Phoenix picks up the butterflies, looks at the them and lets them fly away.

everything has come to make more sense to me spiritually. I have learned that from a visit with some dear family members. its amazing what you learn if you just ask.

I would like to talk about the subconscious mind.
Crystal children are reported to be telepathic. Most are Austistic. because of their speech delay. I never thought how these children did it. How has Phoenix been able to get everything he had ever wanted and more without speaking like the "typicals"
I am going down a Path where it is revealing more of a subconscious thought is used for Phoenix to communicate. is the subconscious taking over his earthly body? is this Why we force him to talk and use his words? the subconscious is more powerful than we could ever imagine. Could the subconscious be our souls, traveling from life to life. Phoenix could be really mad at me for being born, and he could be rebelling refuses to be like the "typicals"
Understand i wanted Phoenix more than anything in the universe. I know he wanted me. I do not believe he could be this mad at me in his subconscious.
but he does fight until he knows he will not win, and then he gives in.
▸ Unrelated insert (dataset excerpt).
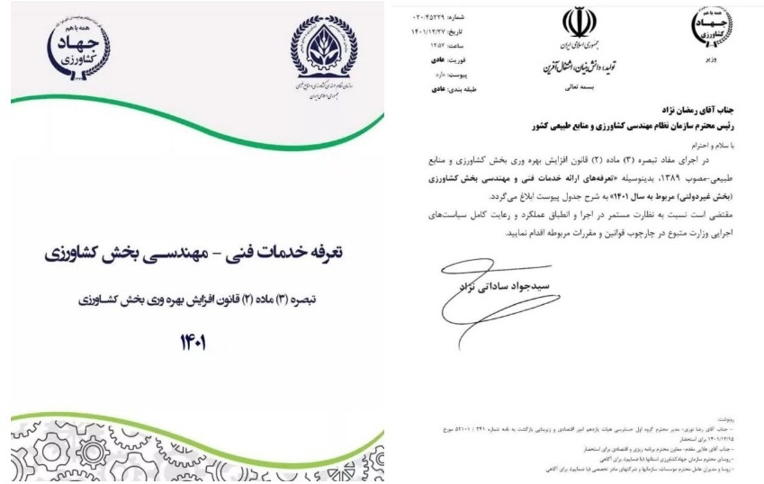 تعرفههای ارایه خدمات فنی و مهندسی و صدور مجوز و پروانه واحدهای تولیدی بخش کشاورزی در سال ۱۴۰۱ در بخش غیردولتی توسط وزیر جهادکشاورزی به سازمان جهاد کشاورزی استانها، سازمان نظام مهندسی کشاورزی و منابع طبیعی و سازمانها و موسسات و شرکتهای مادر تخصصی بخش کشاورزی برای اجرا ابلاغ شد.

I wonder. I wonder tonight? why do i hear familar voices? I hear the sound of your voice, just as i hear my Phoenix. I know this voice has gone into the the highest realms of the afterlife. But i can still hear you.
So, is the subconscious our Soul? the voices from beyond, sound the same to me as my son.

In her i Know I AM One

Tuesday, January 19, 2010

Time keeps on Ticking

it won't be long now, my first born son will be off fighting for this great nation we live in. somedays i am so proud i am bursting with energy, then some days i feel like i want to crawl under my bed and not come out for a day or two. my time with him is drawing to a close. time doesnt stop for me or him or anyone.
tomorrow the little Phoenix has Play therapy. he is doing better with his speech and communication. this type of therapy seems to help his autism. he has been making great strides with his play and learning to play with things the correct way. i was thinking today, that my other sons didnt seem as advanced at this stage as the Phoenix. even though he cant communicate well, he is still very aware of letters, shapes and colors. he has learned how to draw pretty good. he loves to draw circles. Phoenix will be starting school soon. he is almost three. what will i do without my son during the day. i was hoping on spending more time with him, but its time for school.